Returning to La La Land, we can see how precisely Chazelle grasps the dialectic of pop. His film is a fable of authentic individuals set against collective mediocrity. But the film is its own refutation.
Seb pouts while performing with The Messengers, but the song we hear them play is actually pretty good. Mia devotes herself to experimental theater, but she isn’t artistically successful until the showbiz industrial complex anoints her as such. The movie communicates a classicist belief in the enduring power of the Hollywood monolith by using characters that express nothing but hostility toward Hollywood. Though the film is fairly praised for its boldness and originality, in truth its resuscitation of the Hollywood musical is expressionist shorthand for an all-purpose “movie magic” that only financed culture can produce. La La Land is exactly the commercial extravaganza that Seb and Mia steel themselves against.
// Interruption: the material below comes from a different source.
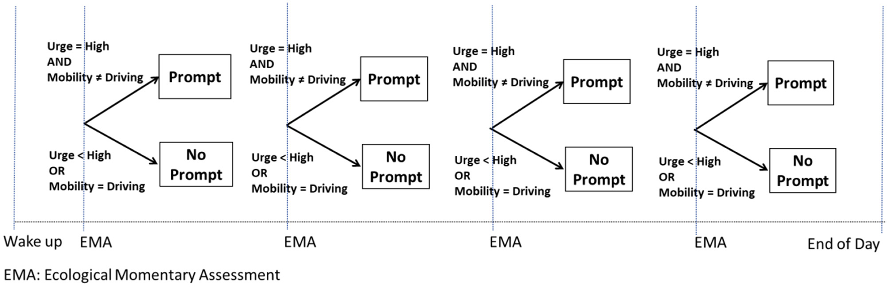As an example (Example D), consider a JITAI for preventing a smoking lapse by delivering a mobile-based prompt [e.g., via a push notification from a mobile app; see (42)] that recommends a self-regulatory strategy when individuals self-report an urge to smoke and are not driving a car. Participants' urge to smoke is monitored via Ecological Momentary Assessments (EMAs) (43) four times per day (triggered at randomly selected times and spread throughout the person's waking hours, with ~3 h between each), and assisted GPS technology is used to track and calculate their minute-by-minute mobility pattern (44–46). If the person self-reports high urge to smoke via the EMA and they are not driving a car, a prompt recommending a brief self-regulatory strategy is delivered on their mobile device. Otherwise, a prompt is not delivered (Figure 4). This intervention is adaptive because it uses dynamic information about the person's internal state (i.e., urge to smoke) and context (i.e., mobility pattern) to decide whether and how to intervene. This intervention is a JITAI because the adaptation is intended to address conditions that change rapidly (urge to smoke may emerge multiple times per day, representing risk for a smoking lapse) based on real-world context (urge to smoke may emerge in the person's natural environment, outside of standard treatment settings). The adaptation in this hypothetical JITAI is intended not only to prevent a smoking lapse (by addressing high urge to smoke) while avoiding unnecessary intervention (not delivering an intervention when urge to smoke is less than high), but also to minimize disruptions to the daily lives of individuals (by not delivering an intervention when the person is driving).

You get the picture. La La Land provides us with an opportunity to reckon with these antinomies, in the hope that we might overcome them and land somewhere new. Pop-collectivism has been the dominant discourse since roughly Lady Gaga’s emergence circa 2008—a discursive shift probably connected to the cultural elite’s optimism for the Obama presidency, and propped up by the diminishing returns of a mythic Golden Age of Television.
Since then, particularly in the last couple of years, the globe has darkened and society has continued to debase itself with hate, cruelty, and ignorance. Soon we’ll all have to admit that nice speeches by Meryl Streep just won’t cut it anymore, and turn instead to avenues of radical pop-individualism. Perhaps La La Land is pop-collectivism’s death knell, the high water mark for naïve consumption and consensus aesthetics.
But in the years to come, it will be important to bear the dialectic of pop in mind. We should focus on mediating both pop orientations, rather than falling back on prioritizing one over the other. If the current pop culture discourse is any indication—filled with bitter detractors and lackadaisical cheerleaders—neither is better and both are worse.